* WHAT YOU WILL DO:
Leaving out the images, return the data below exactly as it is written.

* SUPPLIED INFORMATION:
┌──

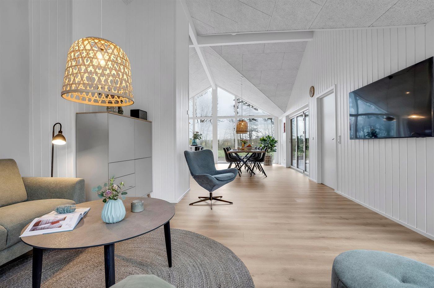 Dieses einzigartige, neu gebaute Ferienhaus für 8 Personen, liegt in erster Reihe am Deich und am besten Sandbadestrand Dänemarks in Marielyst. Zum Haus gehört unter anderem ein großer Außen-Whirlpool (mit Standwasser) für 6 Personen – hier kannst du im warmen Wasser sitzen, den Sternenhimmel betrachten und dem Rauschen des Meeres lauschen. Außerdem gibt es eine Außensauna mit Zugang über die schöne, teilweise überdachte Terrasse.
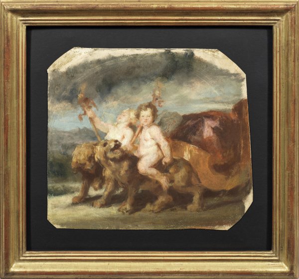 Mit weichem, pastelltonigem Kolorit gemalte Darstellung. Die an Rubens erinnernde barocke Fülle weist auf den Umkreis Hans Makarts hin, in Frage kommt als Maler möglicherweise sein Zeitgenosse Hans Canon (1829 - 1885). Später wurde das Motiv der auf Panthern reitenden Bacchusknaben um 1900 ein beliebtes Motiv auf Gemälden (u. a. bei Franz von Stuck) und in Porzellangruppen des Jugendstils. Gouache/Karton. Ränder beschnitten. Ca. 29,5 cm x 34 cm. Rahmen.
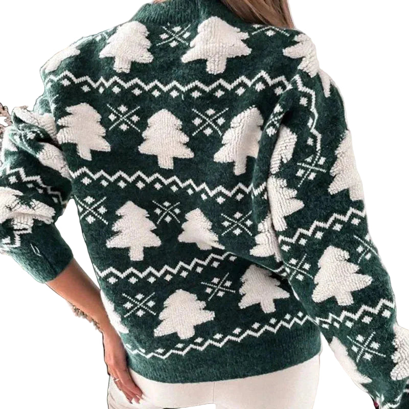 Women's Crew Neckline Sweater with Christmas Tree Pattern
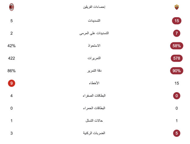 وشهدت المباراة تفوق كبير من جانب روما على منافسه، لكنه فشل في تسجيل أكثر من هدف، ليتقاسما نتيجة المباراة.

└──

* FINISHED EXERCISE:
 Dieses einzigartige, neu gebaute Ferienhaus für 8 Personen, liegt in erster Reihe am Deich und am besten Sandbadestrand Dänemarks in Marielyst. Zum Haus gehört unter anderem ein großer Außen-Whirlpool (mit Standwasser) für 6 Personen – hier kannst du im warmen Wasser sitzen, den Sternenhimmel betrachten und dem Rauschen des Meeres lauschen. Außerdem gibt es eine Außensauna mit Zugang über die schöne, teilweise überdachte Terrasse.
 Mit weichem, pastelltonigem Kolorit gemalte Darstellung. Die an Rubens erinnernde barocke Fülle weist auf den Umkreis Hans Makarts hin, in Frage kommt als Maler möglicherweise sein Zeitgenosse Hans Canon (1829 - 1885). Später wurde das Motiv der auf Panthern reitenden Bacchusknaben um 1900 ein beliebtes Motiv auf Gemälden (u. a. bei Franz von Stuck) und in Porzellangruppen des Jugendstils. Gouache/Karton. Ränder beschnitten. Ca. 29,5 cm x 34 cm. Rahmen.
 Women's Crew Neckline Sweater with Christmas Tree Pattern
 وشهدت المباراة تفوق كبير من جانب روما على منافسه، لكنه فشل في تسجيل أكثر من هدف، ليتقاسما نتيجة المباراة.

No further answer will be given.